Inflation has soared by 6.8 percent over the past year, the highest level in nearly 40 years. Republicans have repeatedly pointed to inflation as a major economic problem, arguing that approving Biden’s $1.7 trillion social and climate spending bill will exacerbate the problem. However, 56 economists pushed back against these concerns in a public statement released Friday.

“Congress can alleviate some of the strain caused by inflation by passing the Build Back Better Act, which will lower everyday costs for families, including child care, health care, utility bills, prescription drugs, and education,” the economists wrote in the statement, which was emailed to Newsweek.

“These investments, combined with the Build Back Better Act’s tax credits for the middle class, will help allow families to keep more money in their pockets,” the statement added.

“Overall, the Build Back Better Act will foster a more equitable, sustainable economy by creating millions of jobs, lowering costs, and cutting taxes for American families,” the economists concluded, urging Congress to pass the legislation.

Among the statement’s signatories were Alan Blinder, former vice chairman of the Board of Governors of the Federal Reserve, and Elgie Holstein, former special assistant to the president for economic policy at the White House National Economic Council. Previously, top U.S. ratings agencies have said they don’t anticipate Build Back Better will negatively affect inflation.

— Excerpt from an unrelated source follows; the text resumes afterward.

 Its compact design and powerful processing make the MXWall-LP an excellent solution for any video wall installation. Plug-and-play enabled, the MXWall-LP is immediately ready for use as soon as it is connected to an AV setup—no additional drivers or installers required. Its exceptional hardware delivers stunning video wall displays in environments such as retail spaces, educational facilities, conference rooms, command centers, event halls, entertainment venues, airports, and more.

“The bills do not add to inflation pressures, as the policies help to lift long-term economic growth via stronger productivity and labor force growth, and thus take the edge off of inflation,” Mark Zandi, chief economist at Moody’s Analytics, told Reuters in mid-November.

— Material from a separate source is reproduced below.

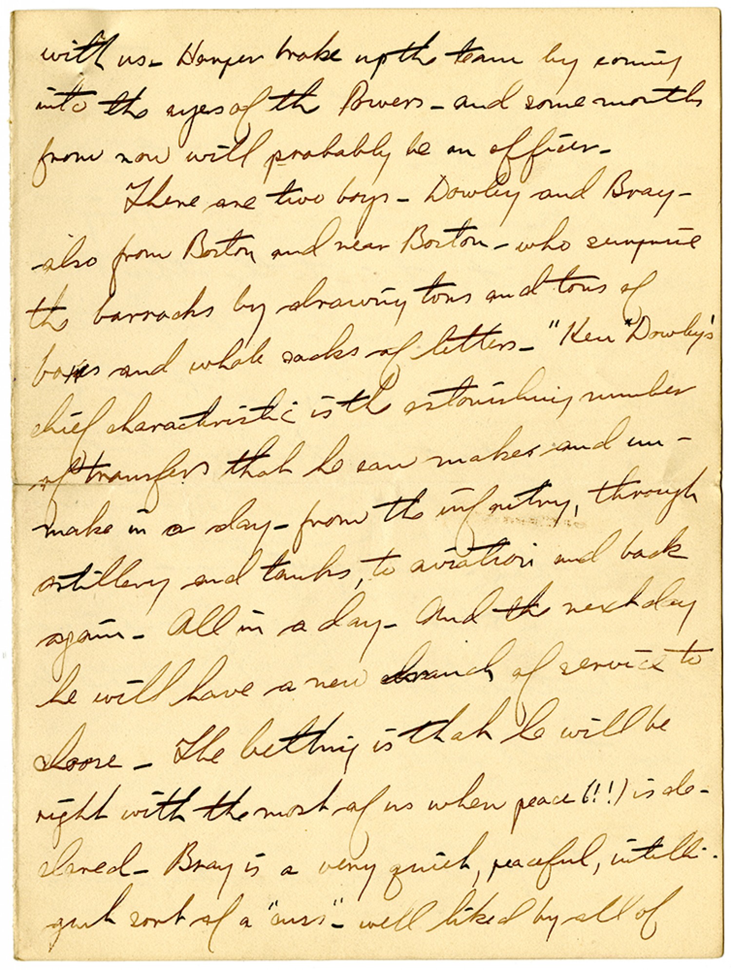 with us. Harper broke up the team by coming into the eyes of the Powers - and some months from now will probably be an officer. There are two boys - Dowley and Bray - also from Boston and near Boston - who surprise the barracks by drawing tons and tons of boxes and whole sacks of letters. "Ken Dowley's chief characteristic is the astonishing number of transfers that he can make and unmake in a day - from the infantry, through artillery and tanks, to aviation and back again. All in a day - And the next day he will have a new branch of service to choose. The betting is that he will be right with the most of us when peace (!!) is declared. Bray is a very quiet, peaceful, intelligent sort of a "cuss" - well liked by all of

Charles Seville, senior director and Americas Sovereigns team co-head at Fitch Ratings, told Reuters that the legislation “will neither boost nor quell inflation much in the short run.”

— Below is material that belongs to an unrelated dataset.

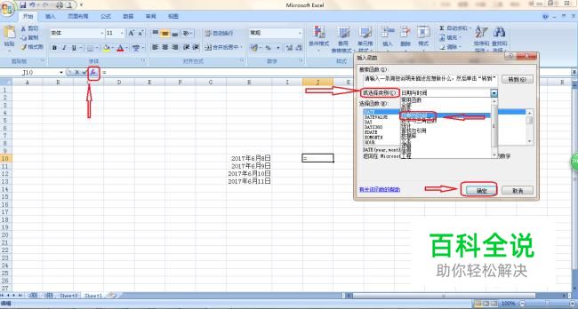 点击插入函数按钮“fx”,在对话“或选择类别”下拉菜单中选择“日期与时间”,点击确定

In September, a group of 15 Nobel Prize-winning economists said that Biden’s agenda would “ease” inflation. “Because this agenda invests in long-term economic capacity and will enhance the ability of more Americans to participate productively in the economy, it will ease longer-term inflationary pressures,” they wrote in an open letter.

The Build Back Better Act was approved by the House of Representatives in November in a party-line vote. No Republicans supported the legislation, and one Democrat—Representative Jared Golden of Maine—voted against it.

Whether the bill will be approved in the evenly split Senate is not certain. Senate Majority Leader Chuck Schumer, a New York Democrat, has repeatedly said he aims to pass the bill this month—before the end of the year. But moderate Democratic Senators Kyrsten Sinema of Arizona and Joe Manchin of West Virginia have yet to give their stamp of approval. Negotiations are ongoing, and the final text of the legislation has not been released.

Manchin has repeatedly raised concerns about inflation to explain his qualms about supporting the Build Back Better package.

“The unknown [of inflation] we’re facing today is much greater than the need that people believe in this aspirational bill that we’re looking at, and we’ve got to make sure we get this right,” Manchin said Tuesday during a Wall Street Journal CEO Council Summit. “We just can’t continue to flood the market [with money], as we’ve done.”

If passed and signed into law, the Build Back Better Act would extend the popular Child Tax Credit approved as part of Biden’s American Rescue Plan in March. It would also address the high cost of prescriptions drugs, expand Medicare to cover hearing aids, boost options for lower-income Americans to purchase health insurance through Medicaid and provide new child care subsidies, among other priorities.